I suggest everyone to using Blur or similar tools. The guys who are running your site will ever know your real email.

More than a few sites refuse '+' in their email address validators.

I've always wondered if those site inputs are due to ignorance of RFC 2822, or because they are aware of it and are basically letting you know that your address is going out the door. Bad either way :/

This is why I don't quite understand the common complaints about Google and data. Not that I don't understand the concern, but the unawareness that this happens everywhere. You order a pizza to be delivered? That info is sold. Magazine subscriptions? Info is sold. Order something from the Gap catalog? That info is sold. Signed up for a gym? Sold.

Google skip tracer, or skip tracer database, to see how much info is collected and sold, and that is just for one micro industry.

Everything is sold, everything. Maybe that mom and pop store is not selling your data, but that other mom and pop one is. And the bigger players certainly are.

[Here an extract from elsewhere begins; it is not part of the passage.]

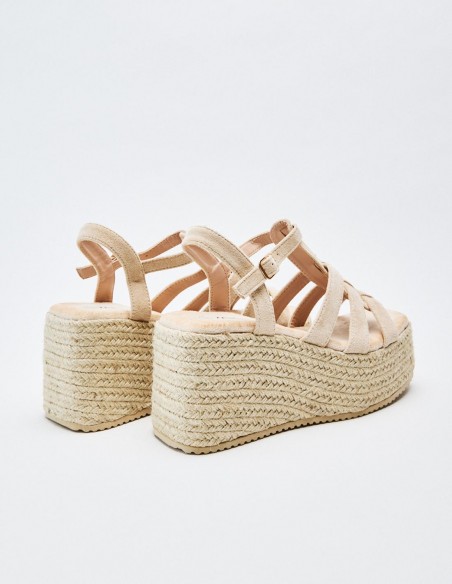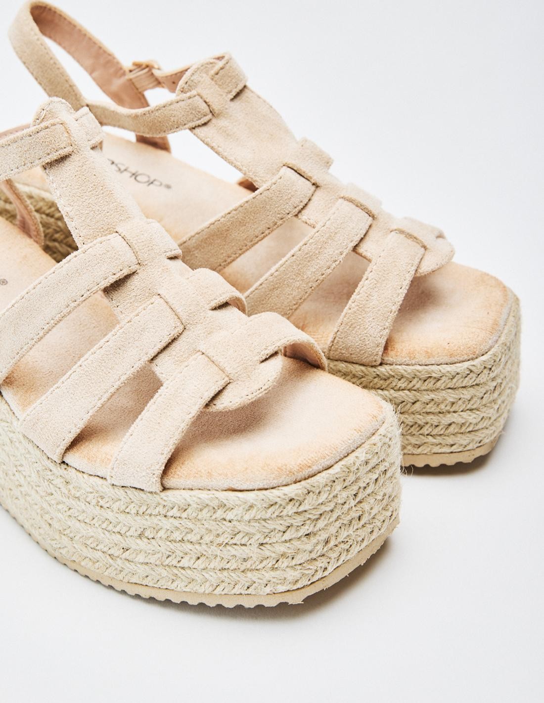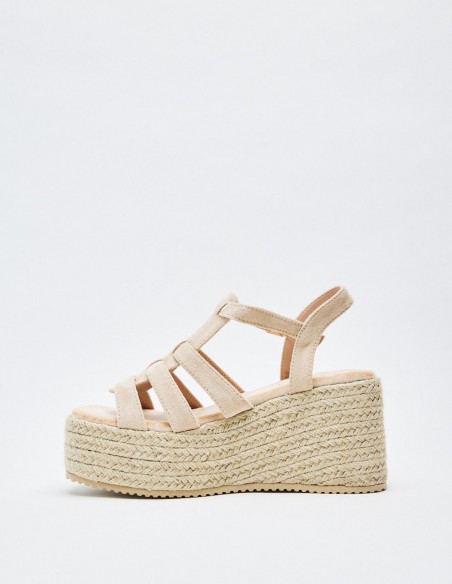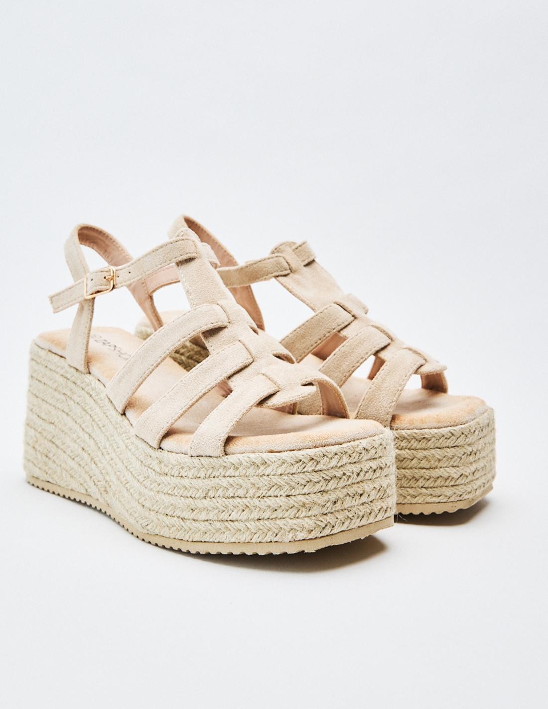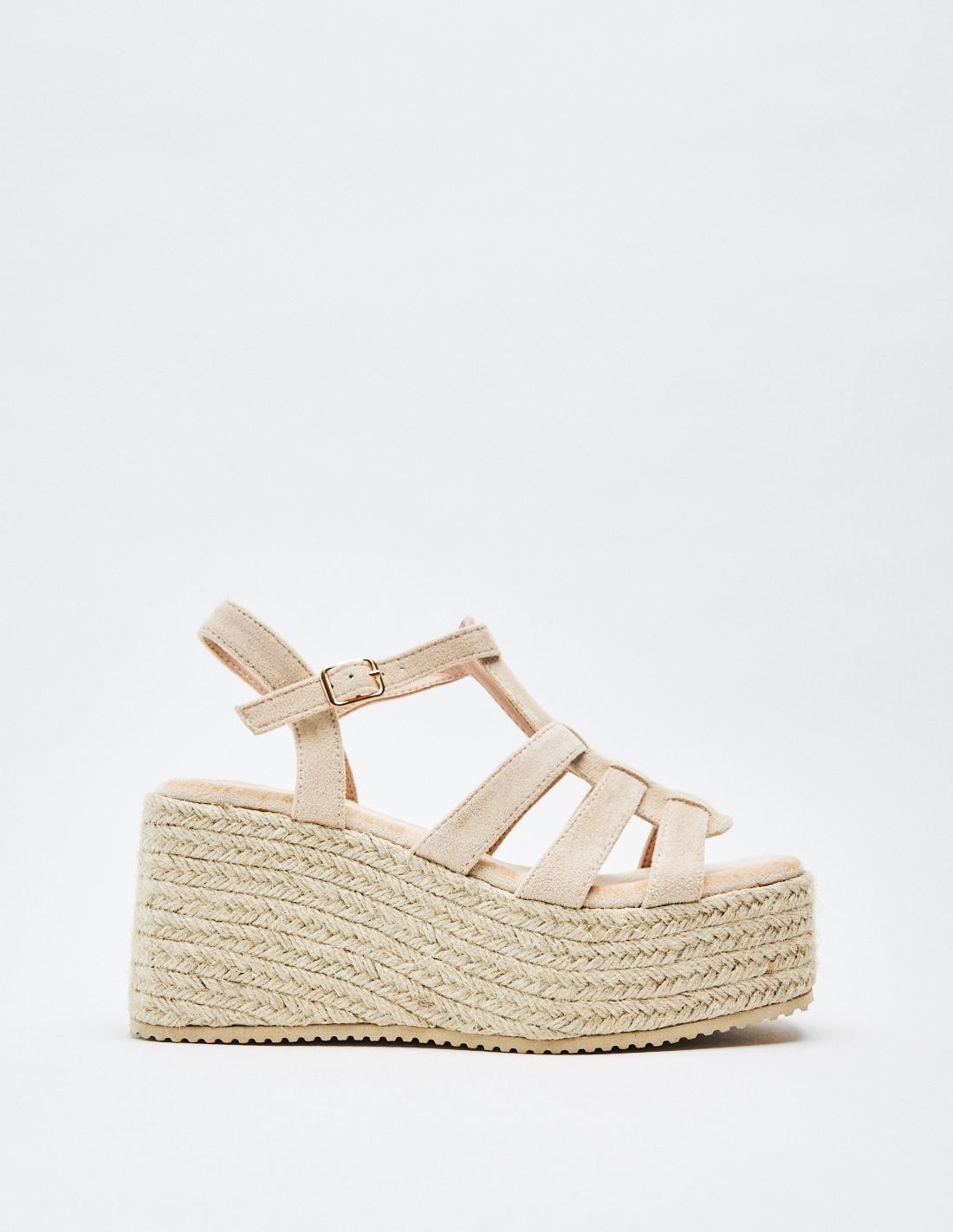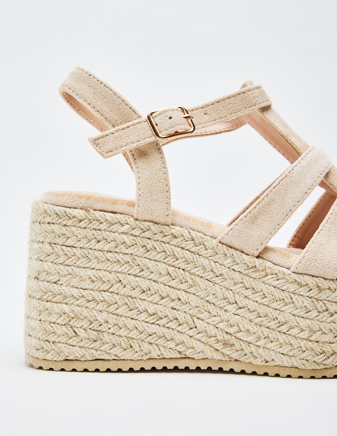 Zapato tipo sandalia con tacón en cuña y plataforma en combinación de materiales. Cierre mediante pulsera al tobillo. Acabado en punta redonda.

Can't say I have ever been in this position. If I was approached like that though it would be an automatic delete anyway.

With that said, this issue recently came up with Radio Shack and how they were planning to sell off their customer data.

It is not uncommon to send chaperoned emails to your list; that's where your friend includes a message from the sponsor in his regular newsletter.

Someone else gets their marketing message out to his list, but doesn't get his emails.

Back on my first job, a small company wanted to use our software, but only if we copied their competitor's database (Their competitor was already our client)

"Won't say we got it from you" is not protecting you.

Many users have a different email for each service, for example username+yourservice@gmail.com (gmail will ignore the '+' and whatever is between it and the @) so you get busted.

This is so well known that places that care will strip it out at the signup process. Also, they will use a simple regex check with their company/service/product name to see if the user is using a highly probably unique email address.

I'm developing GPS based mobile games and I've been curious about being approached for this -- from advertisers or governments.

One possible defense is to use an open inbox, publically available. Perhaps?

I have been contacted about embedding ads which I consider almost as bad on my user's privacy.